*** Available data Section Begins ***
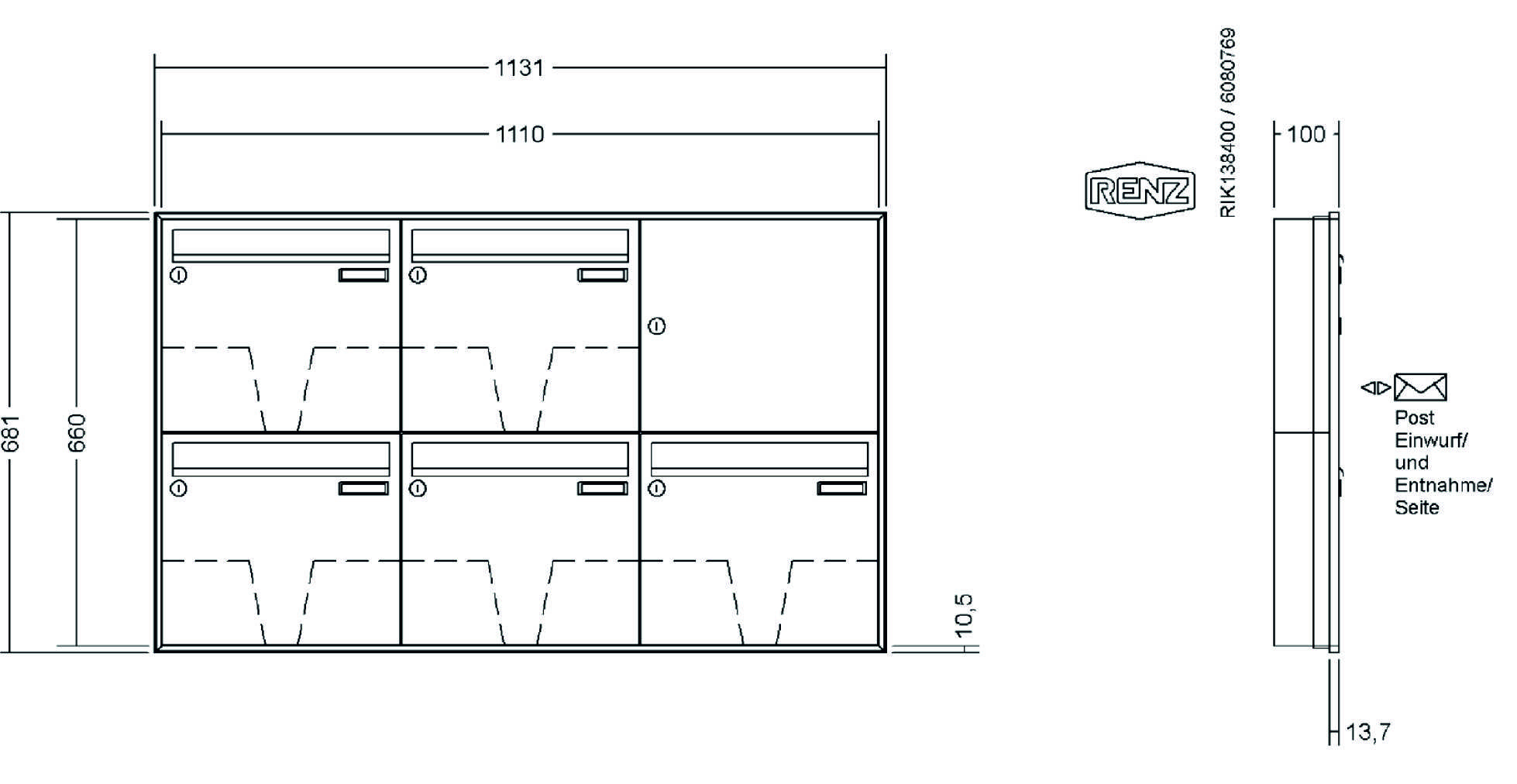 RENZ - Unterputz-Briefkastenanlage mit Schattenfugenrahmen
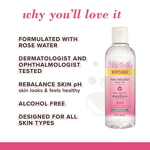 Burt's Bees Rose Micellar Toning Water, 3 in 1 Face Cleanser, Makeup Remover and Toner for all skin types , Alcohol Free, Dermatologist Tested, 1 Count
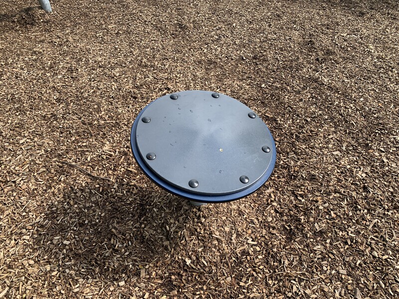 Spinning Circle with HandleA spinning circular platform near the ground with a handle.
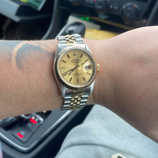 Rolex Datejust 16233 with champagne dial, fluted bezel, and two-tone Jubilee bracelet. A classic, balanced, and highly wearable 36mm Rolex icon.
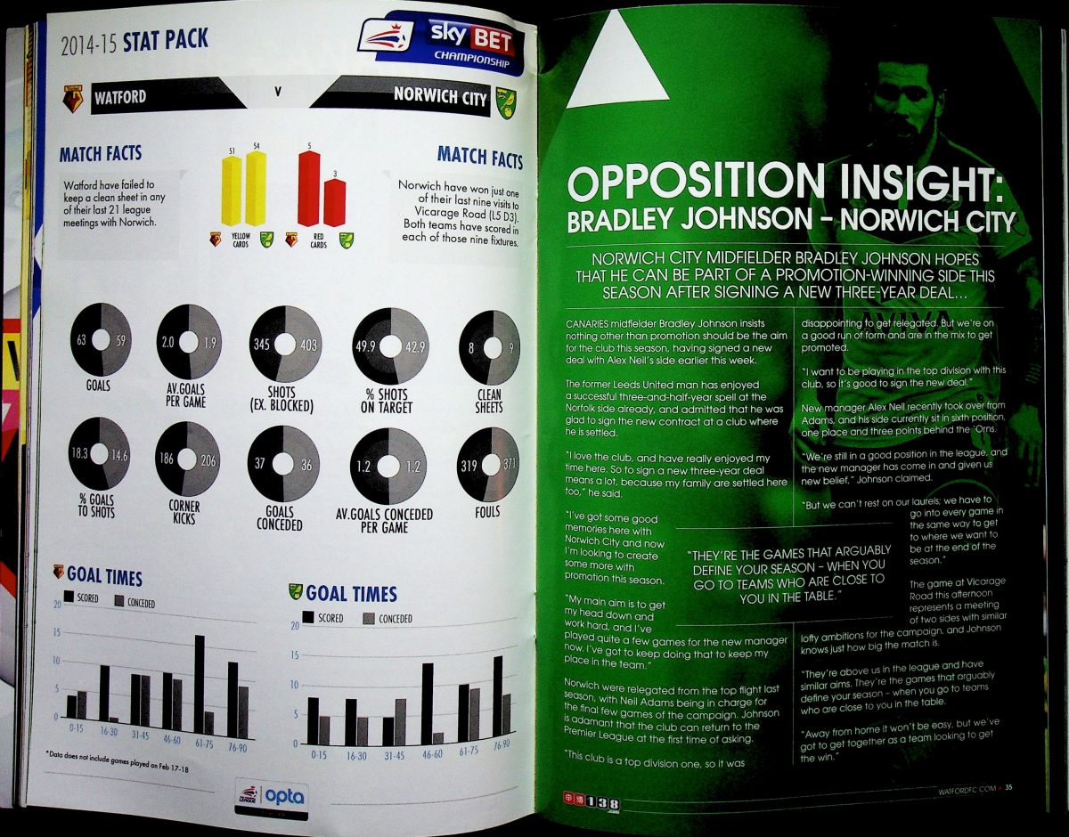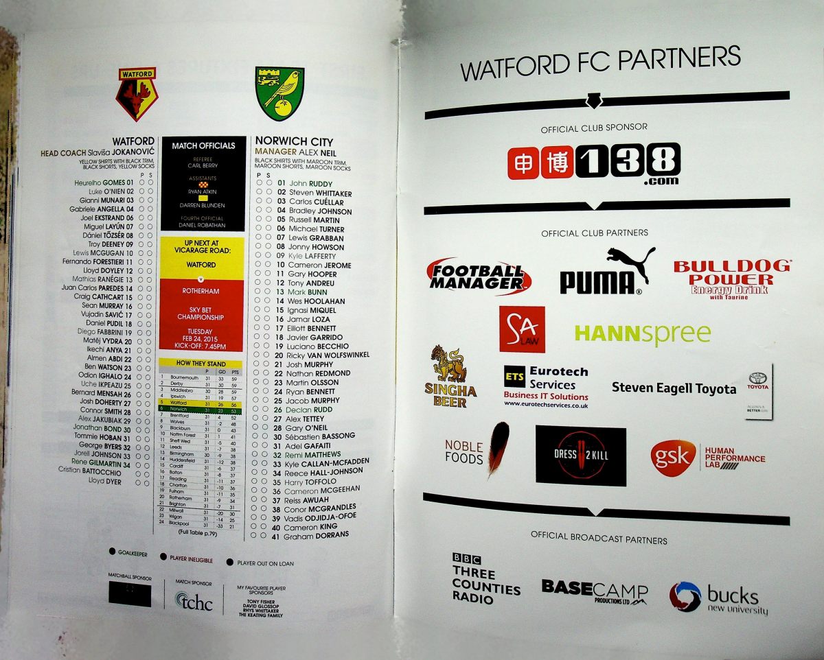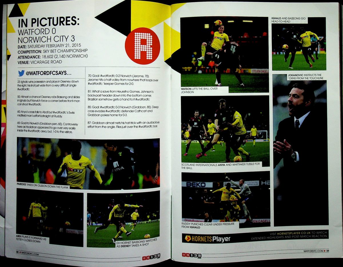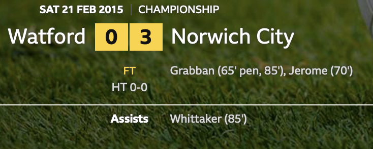 21st February 2015- Championship, Watford 0 Norwich City 3 BBC: Norwich City scored three goals in the final 25 minutes to beat play-off rivals Watford and move to within four points of the top two. BHappy: Much has been made of the limited number of chances that we made throughout, but our defence had looked solid and Norwich’s compact shape cost them in terms of the number of bodies they were able to commit forward. Frankly, if anyone was going to score it was us but you would have been reckless to put money on that for all of our attacking riches.  So…  the award of the penalty was both unexpected on any number of levels and absolutely fundamental to the outcome; like ourselves City had barely had any controlled possession in the final third but Hoolahan put his head down and ran, and then fell over.  The referee gave the penalty, Gomes went the right way and got down well but the kick was right in the corner.  It hadn’t looked like a penalty, and the Hornets’ frustration with an official whose control on the game had been fingertip since the first whistle nearly boiled over.  We’d nullified City’s threat, there seemed no prospect of them scoring and the decision to award the penalty changed the game; newly invigorated, the visitors had no cause to deviate from the sit-deep-and-break approach that so many have tried before, if rarely as effectively. Fran’s Watford Blog: There were no boos at the final whistle, mainly because those who indulge in such behaviour had set off for home some time beforehand. After some terrific performances in the last few weeks, it is difficult to be critical. The penalty that shouldn’t have been was definitely a turning point, but it was disappointing that we capitulated rather than fighting back as we did at Bolton and Brentford. Norwich came to disrupt our play and we allowed them to do so a little too easily. The scoreline flattered the visitors, but we barely had a shot on goal so didn’t deserve anything from the game. Thankfully, we have another home match on Tuesday in which to get this out of our system. https://www.bbc.co.uk/sport/football/31466186 Share this: Share on X (Opens in new window) X Share on Facebook (Opens in new window) Facebook
*** Available data Section Ends ***
▶ _Task to complete_:
How would the lines above read from the one with "Spinning Circle with" to the one with "Rolex Datejust 16233", inclusive, with no pictures? Write them out exactly.

▶ _Task response_:
 Spinning Circle with HandleA spinning circular platform near the ground with a handle.
 Rolex Datejust 16233 with champagne dial, fluted bezel, and two-tone Jubilee bracelet. A classic, balanced, and highly wearable 36mm Rolex icon.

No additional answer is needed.